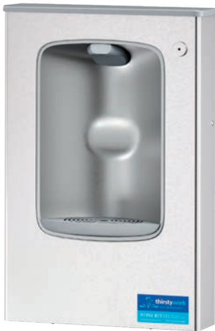
Manual non-refrigerated model

Our most compact non-refrigerated bottle filler
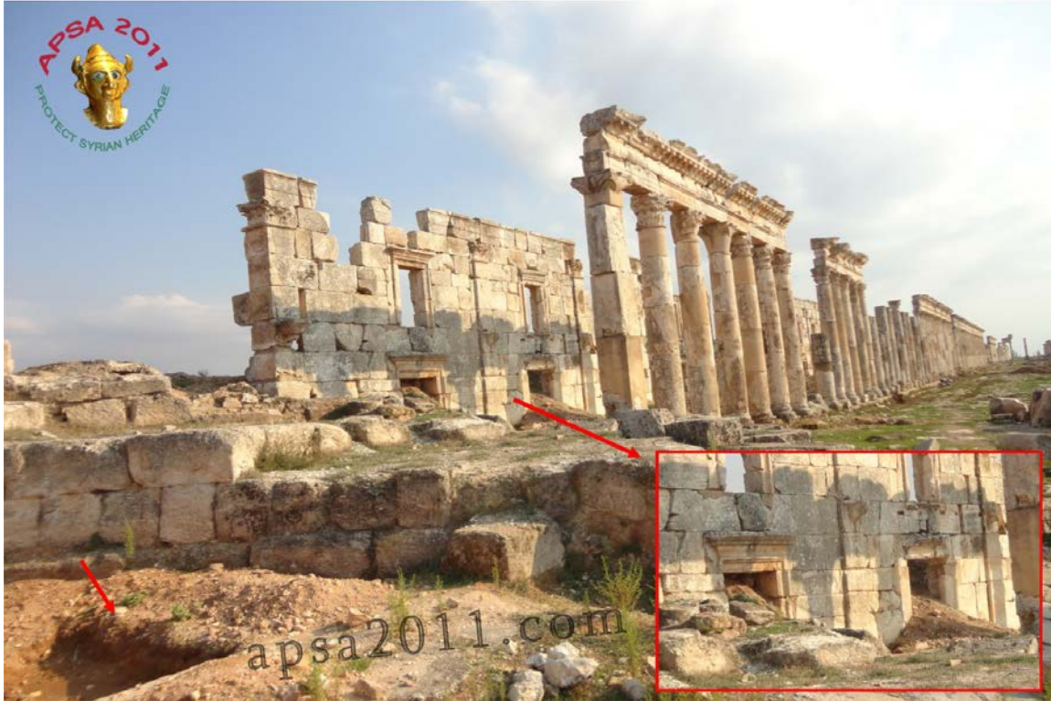
Looting damage at Apamea (APSA).
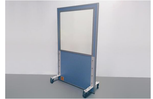
Lead Equivalent Glass Viewing Panel in mobile control screen.

Please note – Due to the irregularity of thickness of Lead Equivalent Glass over a given size, the application of film may cause some minor visual imperfections.
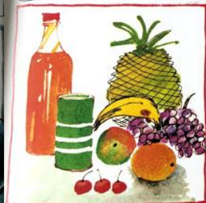
Drinks and Assorted Fruit
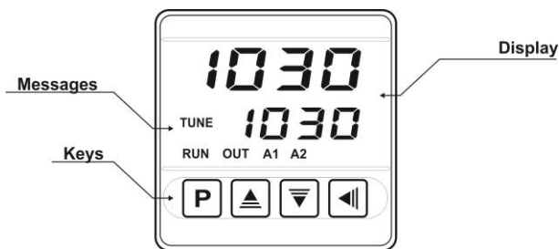
Fig. 02 - Identification of the parts referring to the front panel

The controller's front panel, with its parts, can be seen in the Fig. 02:
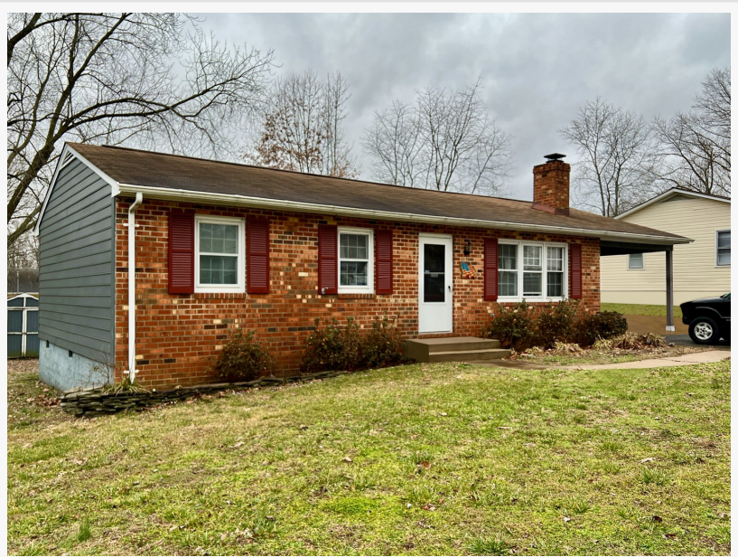
5516 Rudy Ln., Fredericksburg, VA 22407
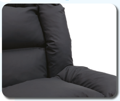
Each compartment features bead-filled cushions that provide optimum body & contour support.
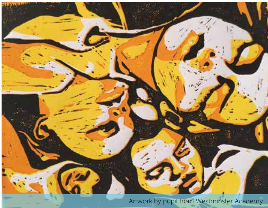
Artwork by pupil from Westminster Academy

Banding test: Saturday 9th December, 9.30 – 11am
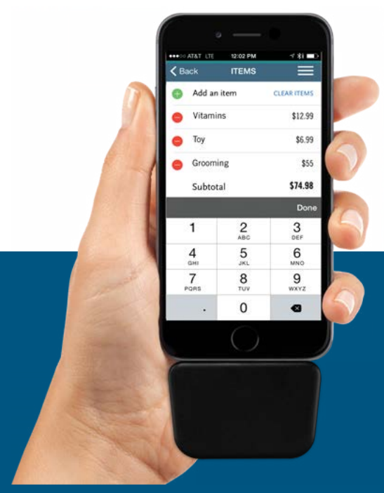
Free Authorize.Net mPOS mobile application for Apple iOS and Android devices.

Choose from dozens of turnkey, third party payment solutions, including shopping carts, online store builders, POS systems, kiosks and mobile devices. Simply visit our online Certified Solutions Directory.
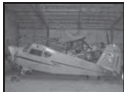
1940 Rearwin Cloudster Mdl. 8135 N-25531, S/N 818 971 Hrs. Total Time

Engine: Ken Royce Mdl. 7G (7 Cyl.) 971 Hrs. T.T. on Engine Senenich Wood Prop
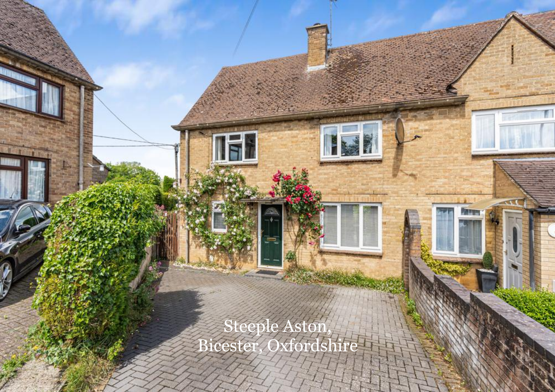
Steeple Aston, Bicester, Oxfordshire
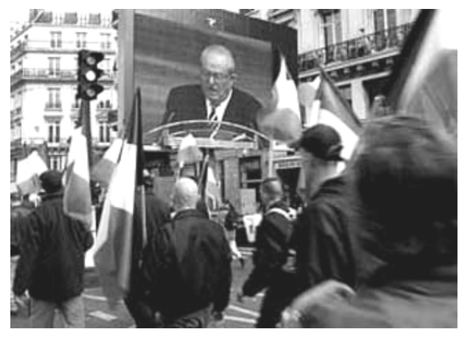
Nothing "ex-" about these fascists. Skinheads march before screen showing National Front Führer Le Pen at 1 May 2002 FN mobilization in Paris.

Now the battle is on for the legislative elections, June 9. Even though Chirac got barely one-fifth of the votes on April 21, this won't stop him from striking a pose as "savior of the nation," affecting a cheap imitation of his former patron, General Charles De Gaulle, the bonapartist strongman who erected the presidential Fifth Republic. Le Pen's National Front is expanding even as new witnesses come forward accusing him of
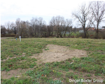
Ginger Baxter Group
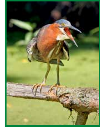
Youth: Phoebe Humpton Under the Surface
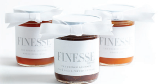
The French Laundry jams, $12 a jar; finessestore.com .
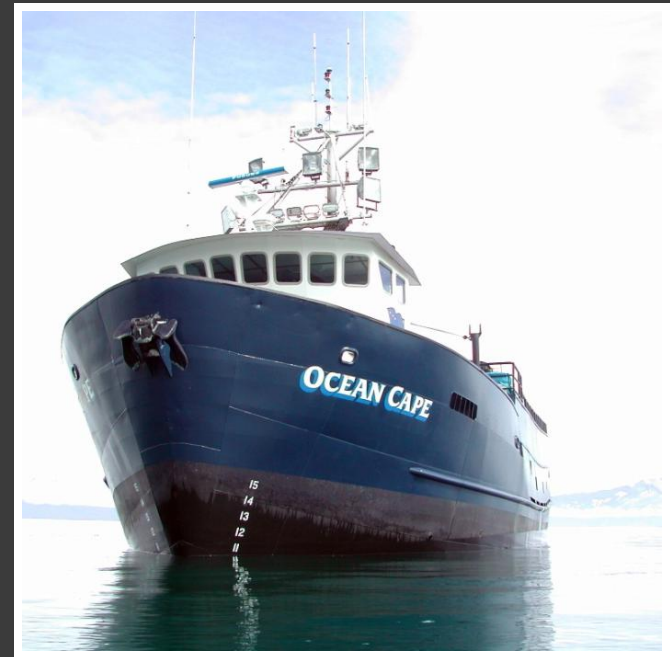
The vessel used during sampling.
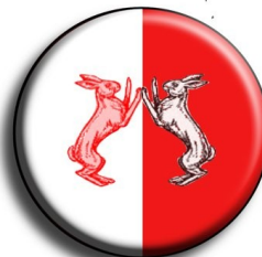
Friend of the Hare
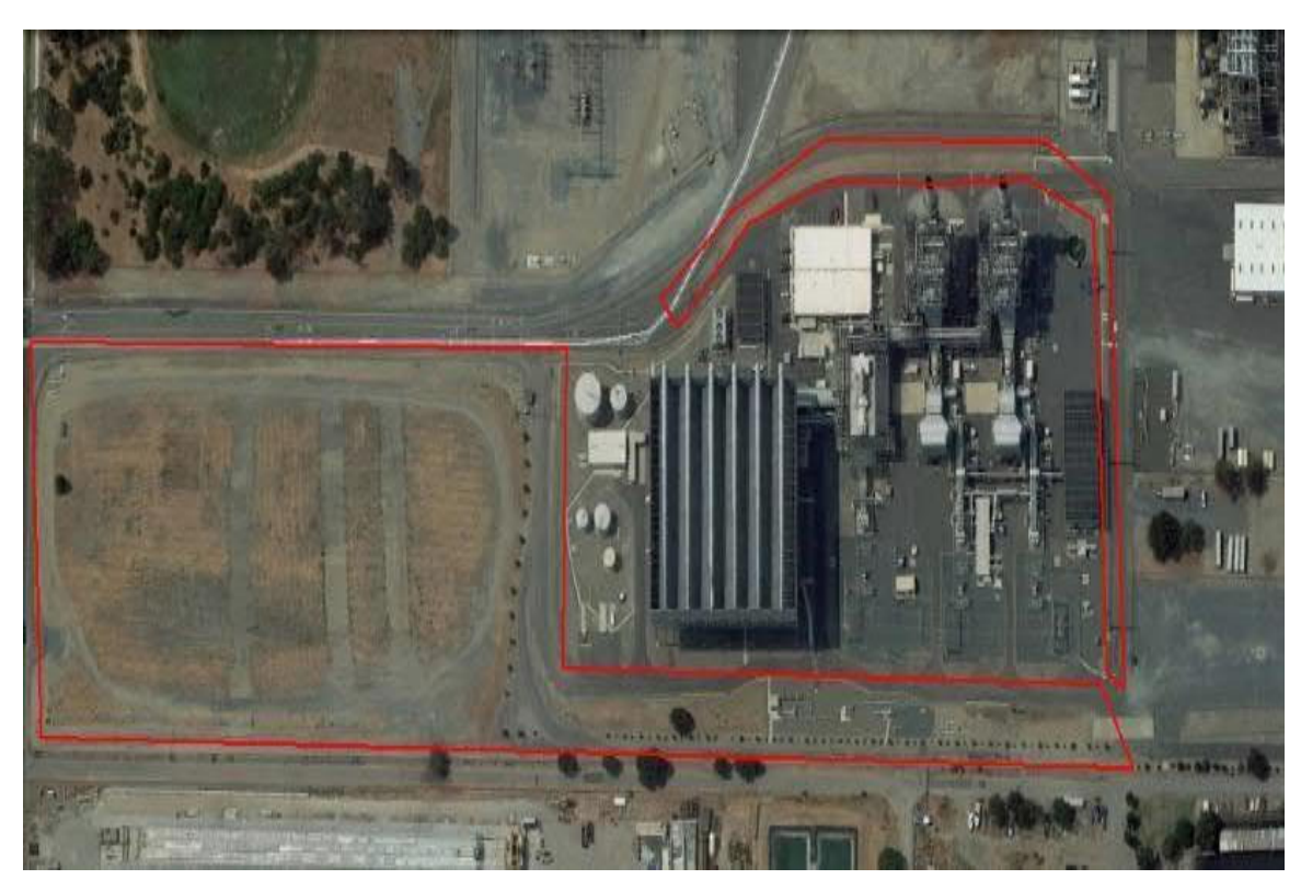
Photo 5, pre-disturbance mowing map of GGS site, areas in red were surveyed, 5-15-20.

----------

> WHAT TO DO
Return the listing above verbatim and exclude every picture.

> RESPONSE
Manual non-refrigerated model

Our most compact non-refrigerated bottle filler
Looting damage at Apamea (APSA).
Lead Equivalent Glass Viewing Panel in mobile control screen.

Please note – Due to the irregularity of thickness of Lead Equivalent Glass over a given size, the application of film may cause some minor visual imperfections.
Drinks and Assorted Fruit
Fig. 02 - Identification of the parts referring to the front panel

The controller's front panel, with its parts, can be seen in the Fig. 02:
5516 Rudy Ln., Fredericksburg, VA 22407
Each compartment features bead-filled cushions that provide optimum body & contour support.
Artwork by pupil from Westminster Academy

Banding test: Saturday 9th December, 9.30 – 11am
Free Authorize.Net mPOS mobile application for Apple iOS and Android devices.

Choose from dozens of turnkey, third party payment solutions, including shopping carts, online store builders, POS systems, kiosks and mobile devices. Simply visit our online Certified Solutions Directory.
1940 Rearwin Cloudster Mdl. 8135 N-25531, S/N 818 971 Hrs. Total Time

Engine: Ken Royce Mdl. 7G (7 Cyl.) 971 Hrs. T.T. on Engine Senenich Wood Prop
Steeple Aston, Bicester, Oxfordshire
Nothing "ex-" about these fascists. Skinheads march before screen showing National Front Führer Le Pen at 1 May 2002 FN mobilization in Paris.

Now the battle is on for the legislative elections, June 9. Even though Chirac got barely one-fifth of the votes on April 21, this won't stop him from striking a pose as "savior of the nation," affecting a cheap imitation of his former patron, General Charles De Gaulle, the bonapartist strongman who erected the presidential Fifth Republic. Le Pen's National Front is expanding even as new witnesses come forward accusing him of
Ginger Baxter Group
Youth: Phoebe Humpton Under the Surface
The French Laundry jams, $12 a jar; finessestore.com .
The vessel used during sampling.
Friend of the Hare
Photo 5, pre-disturbance mowing map of GGS site, areas in red were surveyed, 5-15-20.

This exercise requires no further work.